Visualizing common “likes” among Facebook friends, along with instructions on how to make your own visualization of this data with Google Refine and Gephi. (via O’Reilly Radar)

Graph of related ingredients in allrecipe.com’s recipe database. Here’s the study that produced the graphs, and here’s a blog post providing a nice exegesis of the graph: “two main communities fall out, one sweet, the other savory.” (via Food Tech Connect, Hacker News)

Literary Organism, a classic visualization of On the Road by Stefanie Posavec. This post is really just an excuse to link to Stefanie’s portfolio. Everything there is just astounding (including this limited edition of Murakami’s 1Q84).

Talk-o-Meter is an iPhone app that shows how much time in a conversation is taken up by the participants. Right now it seems to work only as a stand-alone app; I would love for this to work with actual phone conversations. Let’s get some deeper metrics in there, too, while we’re at it: when someone calls me, the phone should let me know—based on the caller—how long the conversation is likely to take, what the emotional tenor of the call is likely to be (based on previous sentiment analysis), what topics we’re likely to cover, who I’m most likely to call next, etc.

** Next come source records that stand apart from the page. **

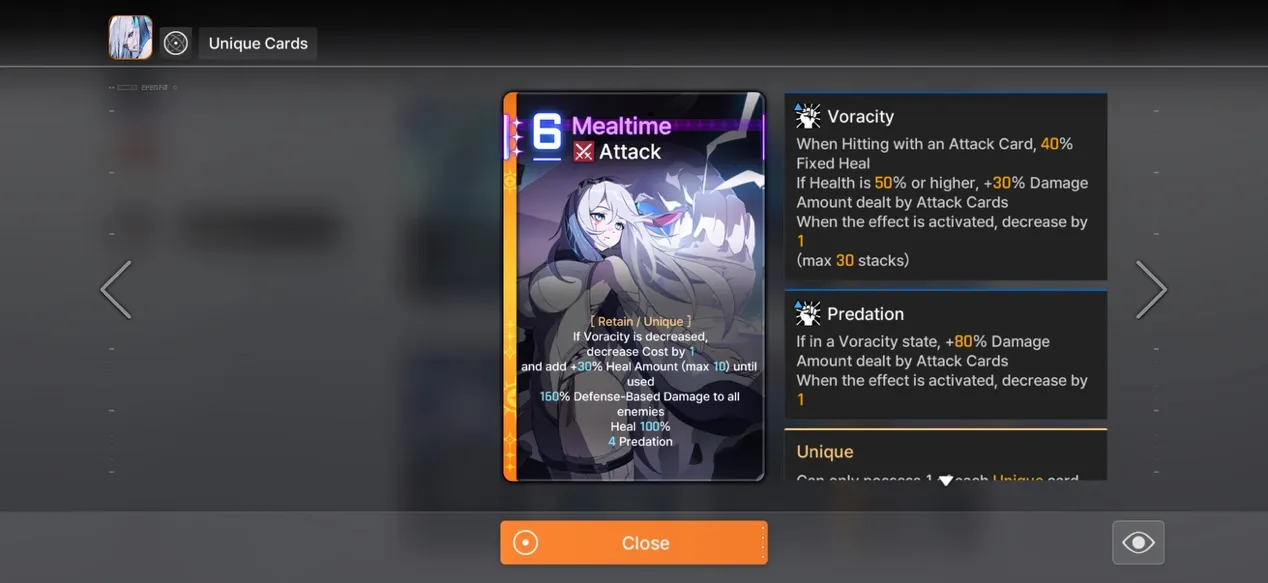 - 貪欲さ 彼女の基本的なメカニックです。味方が攻撃カードを使用すると、Voracity の各スタックにより、その 1 つの攻撃インスタンスに 30% のダメージ ボーナスと 40 ポイントの固定回復が与えられます。各ヒットは 1 スタックを消費します。
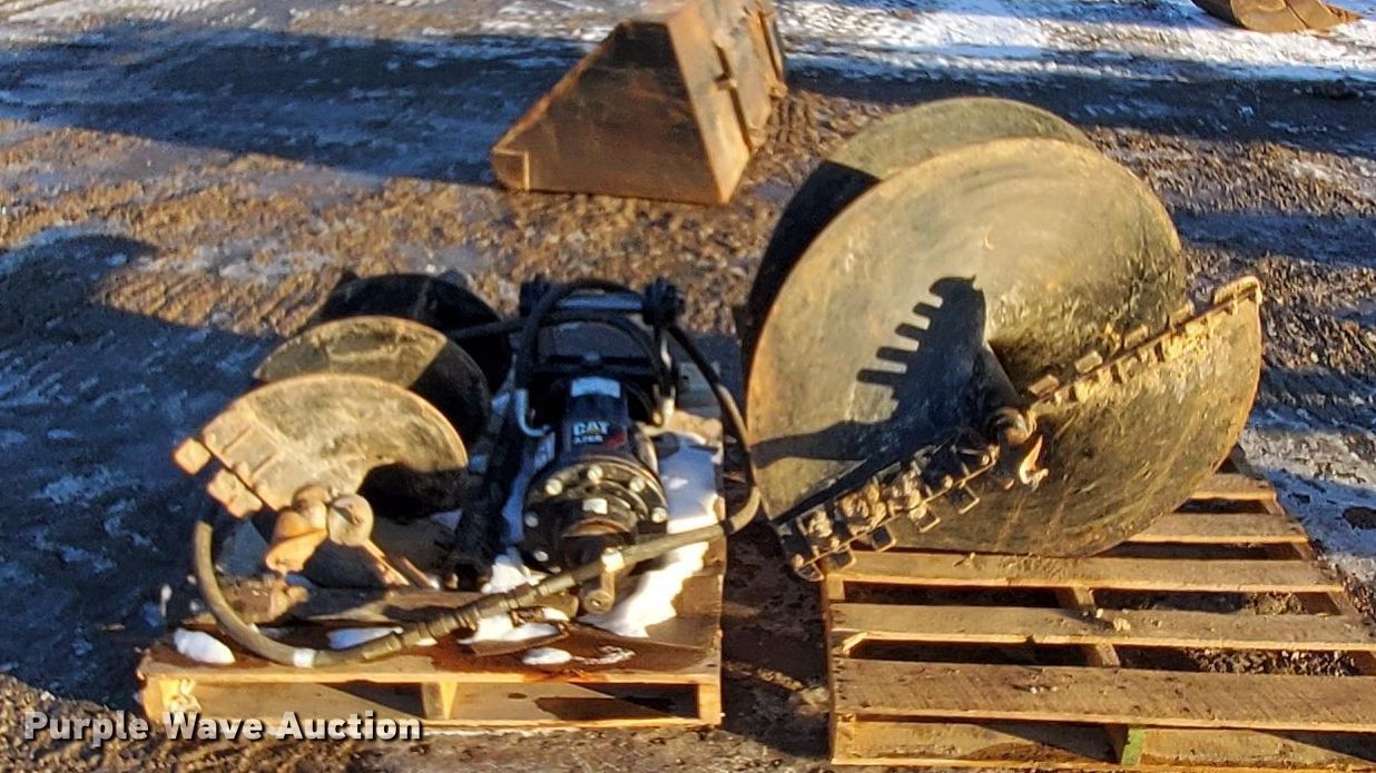 Caterpillar A26B auger. (2) bits 36" W x 48" D, 18" W x 48" D, (3) extensions 12", 24" , 34". Carter and Associates Retirement - Open Inspection March 4th and March 8th. 395 Westcor Drive. Coralville, IA 52241
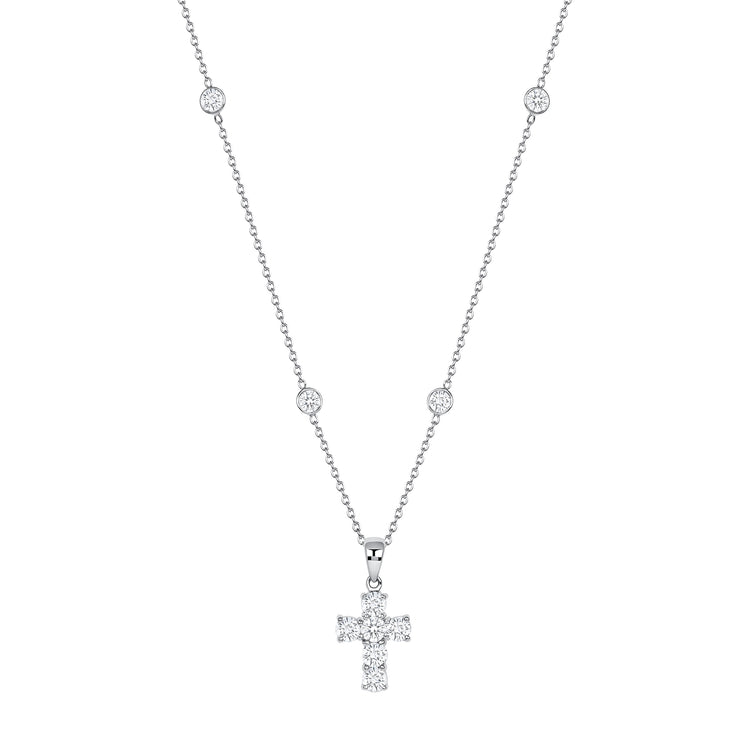 18k white gold cross with 6 round diamonds 1.20 ct and 18k white gold chain with 10 round diamonds 1.35
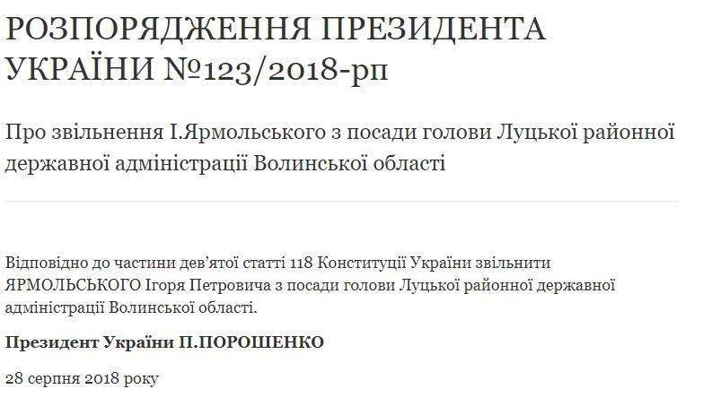 Так, у документі йдеться про звільнення Ярмольського з посади голови Луцької районної державної адміністрації Волинської області.
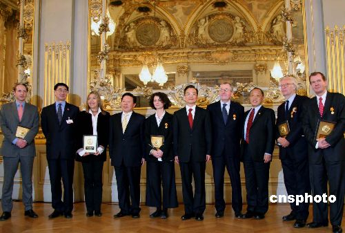 中新社巴黎十二月六日电 (记者 钟诚)六位法国人五日获得中国政府颁发的“中外文化交流贡献奖”,他们高兴地称其为“中国勋章”。十二月五日,由中国文化部部长孙家正主持的颁奖仪式在巴黎奥赛博物馆举行,正在此间进行正式访问的中国总理温家宝出席了颁奖仪式。
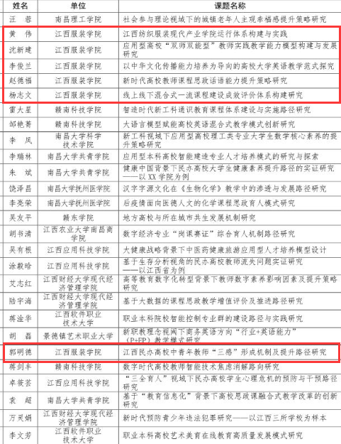 新闻中心讯 近日,江西省教育科学规划领导小组办公室公布了2023年度江西省教育科学规划课题(本科高校系列)评审结果,我校黄伟老师申报的课题《江西纺织服装现代产业学院运行体系构建与实践》、沈新建老师申报的课题《应用型高校“双师双能型”教师实践教学能力模型构建与发展研究》、李俊兰老师申报的课题《以中华文化传播能力培养为导向的高校大学英语教学范式探究》、赵德福老师申报的课题《新时代高校教师课程思政话语能力提升策略研究》、杨志文老师申报的课题《线上线下混合式一流课程建设成效评价体系构建研究》和郭明德老师申报的课题《江西民办高校中青年教师“三感”形成机制及提升路径研究》成功入选省级立项项目。
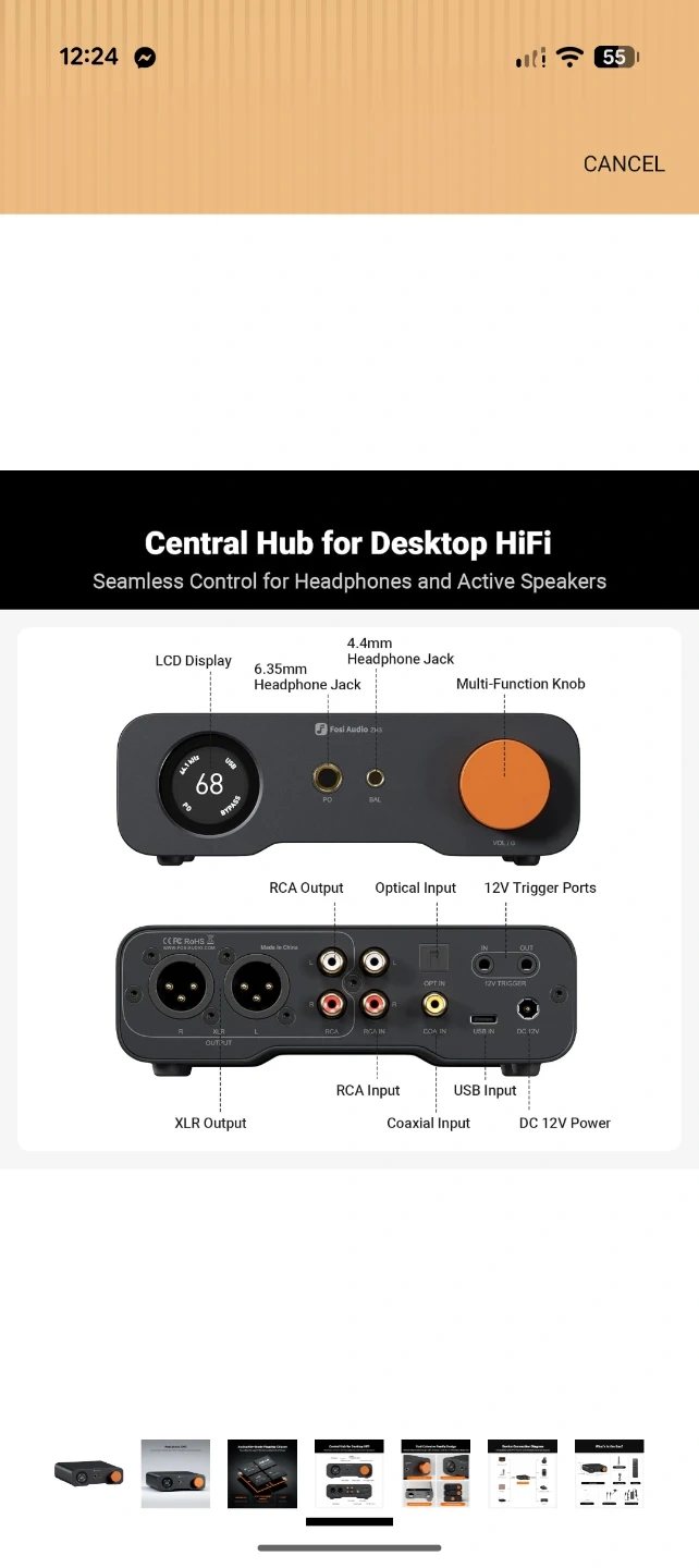This is the Fosi Audio ZH3, an all-in-one desktop HiFi DAC/headphone amplifier/preamp. It features a 1.5-inch LCD display and a multi-function control knob. The unit has aluminum alloy construction and supports PCM 32bit/768kHz and DSD512 sampling rates. It offers 2570mW x 2 max power output.
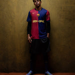 Each jersey is individually numbered from 1 to 1,899 on the inside This collaboration features the iconic "Cactus Jack" logo, representing Travis Scott's brand, prominently displayed on the chest, replacing the traditional Spotify sponsor logo. The design maintains the classic Blaugrana colors, blending the club's heritage with Scott's unique artistic flair. This partnership is part of FC Barcelona's ongoing initiative to merge music and football, having previously collaborated with artists like Drake, Rosalía, and Coldplay. In conjunction with the jersey release, Travis Scott is set to perform an exclusive concert in Barcelona on May 10, 2025, further celebrating this fusion of sports and music
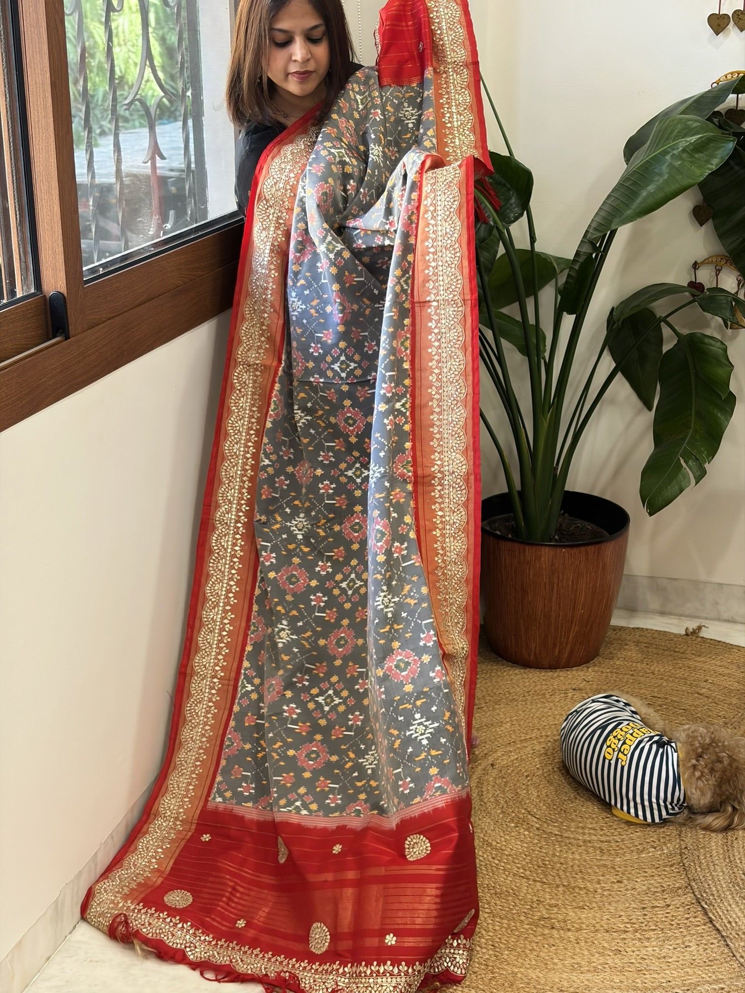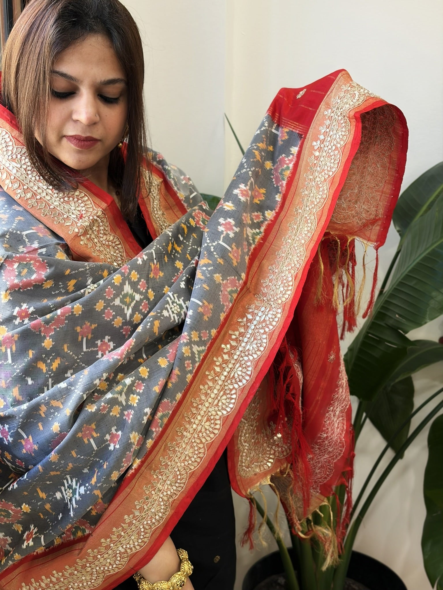 Expertly crafted with traditional Indian craftsmanship, this Handwoven Ikat Patola Dupatta is made of pure silk and features intricate gotapatti handwork. Its exclusive design and authentic quality make it a must-have for any wardrobe. Elevate your style with this stunning piece.

“[I]t’s ludicrous to make sense of a complex topic like the Iraq War by looking only at the words used to describe the events. Don’t confuse signifiers with what they signify.”
— Jacob Harris in his excellent screed Word clouds considered harmful. A must-read for anyone doing journalism, visualization, text analysis, or generative/appropriative writing.

Dan Zarrella used a simple algorithm to draw a heat map of the optimal link placement for clicks in a tweet. Let’s use analogous technology to find the optimal placement for enjambment in a poem, or the optimal placement for introducing a new character in a novel.

“Surrounding this chain are about 70 word frequency histograms showing the issue-by-issue usage of different terms […]. I used a simple space-filling algorithm to […] stack them so that one histogram begins shortly after another ends. This ended up resulting in some interesting word chains that show how technology has progressed – some that make sense (microcomputer to e-mail) and some what are more whimsical (supernatural to periscope to datsun to fax). Picking out interesting words from all of the available choices […] was a tricky part of the process. I built a custom tool in Processing that pre-visualized the frequency plots of each word so that I could go through many, many possibilities and identify the ones that would be interesting to include in the final graphic.”
— Jer Thorpe on 138 Years of Popular Science (previously). I’m not generally a big fan of word frequency visualizations, but this one works. I like that Thorpe hand-picked the words to include, and that he didn’t intentionally exclude whimsical results.